Ever since Gmail shook up the free online storage game in 2004 by giving away a then-shocking gigabyte of space, individuals and businesses alike have become "digital hoarders" -- keeping all their old data around in case it becomes useful later -- regardless of the unacknowledged drawbacks of the practice. And while storage has become exponentially cheaper over the last 15 years, the hidden costs of digital hoarding may finally outweigh their benefits.Google gave away a gigabyte in 2004 (and gives away 15 gigabytes today) because it wants Gmail users to archive every message, rather than deleting old emails and attachments. This provides both Gmail users and Google with unending access to all historical Gmail data, which the user can search through to find old communications, and which Google can use to train its machine-learning algorithms to better deliver search, spam filtration, and ad-targeting.

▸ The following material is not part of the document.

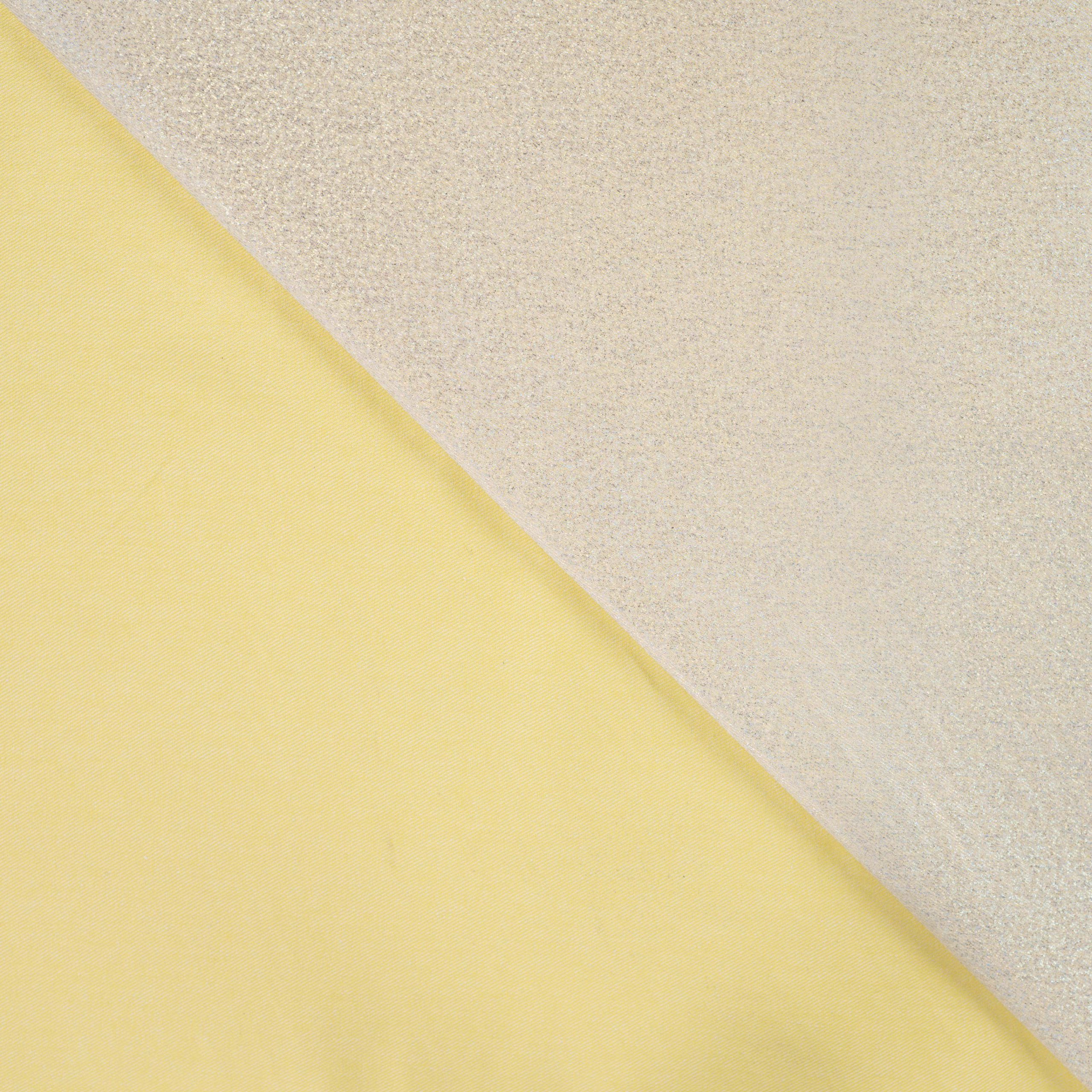 Deze zachtgele denim met glans- en glitterlaag combineert een frisse pastel kleur met een subtiele sparkle. De zachte gele tint geeft de stof een lichte, zomerse uitstraling, terwijl de glanzende afwerking zorgt voor een speelse en opvallende touch.

Unfortunately, for those of us that have 15 years of Gmail data, simply searching through our mail archives can be a tedious, frustrating exercise as we struggle to recall exactly who sent us what data when, so we can conjure up a search query that returns useful results. Our years of Gmail data is worth more to Google than it is to us, many days.
This same situation is playing out across the enterprise, as companies hurl enterprise search tools at their mass of disparate and disorganized data and documentation tied up in their various local hard drives and online file shares. Years or even decades of data from hundreds or even thousands of users makes for a lot of documentation to sift through in the hopes of delivering value. Simply indexing everything doesn't make it useful, as users often don't know what to search for or how to structure a query to find it.
Many organizations want to retain their data for the same reasons as Google -- to train artificial intelligence. What many companies are finding out is that this disorganized data is no more useful to AI software than it is to your employees. AI needs refined, annotated data to learn from, not information randomly strewn across many locations and systems with no context, organization, or version history. Without careful curation, AI can't make heads or tails of your data archives.
It's not enough to store everything, you have to store everything the right way. That's where next-generation knowledge bases come in.
An advanced knowledge base doesn't just store all your historical data in a single taxonomy. Modern knowledge bases guide you to annotate both old and new documentation to make this data both search- and AI-friendly, so that your information can actually be found, understood, and employed for maximum benefit.
Whether you're moving your old data into a self-organizing and annotating knowledge base or creating new documentation with annotation built in, a modern knowledge base ensures that your super-cheap digital storage doesn't end up costing you in the long run.